Wednesday, March 23, 2005

Goodbye Friend

Its crazy, the difference having someone from your hometown around makes....like, i felt totally comfortable in my existence here, there's just something about exposing that existence to someone who, like, really knows you, i guess. The vulnerability, its weird. In a way, living here, it was just different for those few days broggi was here. It was like the one thing thats missing from here, that sense of home, was transplanted. Even though i knew it was temporary, it felt good, surprisingly and refreshingly good. I guess mostly cuz brog and i have been friends for awhile, and i thought i knew what to expect out of his visit. But, i definitely got alot more. He's definitely reached another level of life, a level that im proud to see him reach, and that makes me glad we're still friends(its been a rough.....barstow in the surburban... ride!!!). Anyway, sunday i spent the whole day working, i brought home a pizza and we just chilled. It was nice. Having a homey and chillin. It had a definite fresno flare!! On Monday, broggi's last stand.....We decided to go out with a bang, since most of his trip had been pretty mild. We drank the better part of the day away. Hit my favorite spots in the quarter and ran with it. I saw him off at the airport and called it a night.
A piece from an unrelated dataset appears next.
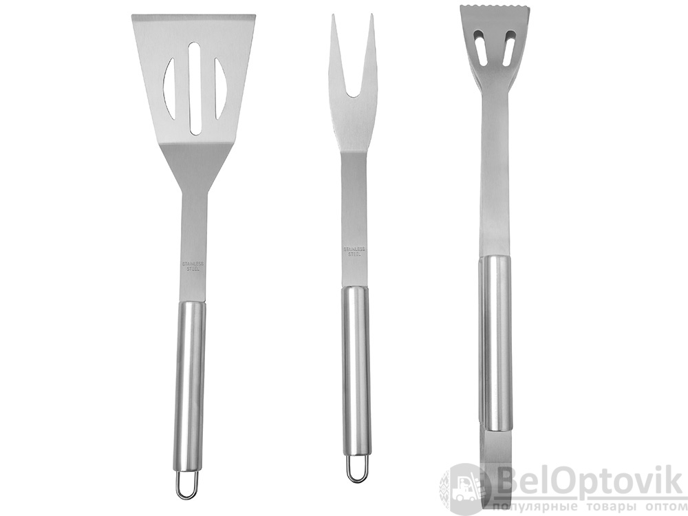 - Комплектность: лопатка 32,4 х 8,5 х 2,9 см, щипцы 34 х 4,8 х 6,2 см, вилка 32 х 3,4 х 1,3 см, алюминиевый кейс 36,9 х 9,9 х 8 см

Tuesday i spent dealing with my not so much friend the hangover. Worked at the pizza place, came home and passed out. Today was my chill day off before next monday, the next day off. I had a weird realization today. I've been spending alot of time with my friend dale. He's pretty much heartbroken. We're totally just friends, but i just have to question how much longer our pseudo relationship will run. Most would probably live in the moment and enjoy it, i however am more concerned with whats about to happen. I've definitely spent more time with him than anyone else......I just don't want to see myself get f'd, per the usual. Its not even that i feel myself like, getting attached or anything like that, i just have this weird feeling.....damn this female intuition!!!! Anyway, not much lined up for this week except work.....gotta help my friend chris pack up his shit this weekend to head to lafayette for his new djing gig......its bittersweet, im glad he's found work, selfishly, i wish he was closer!!! Peace out!!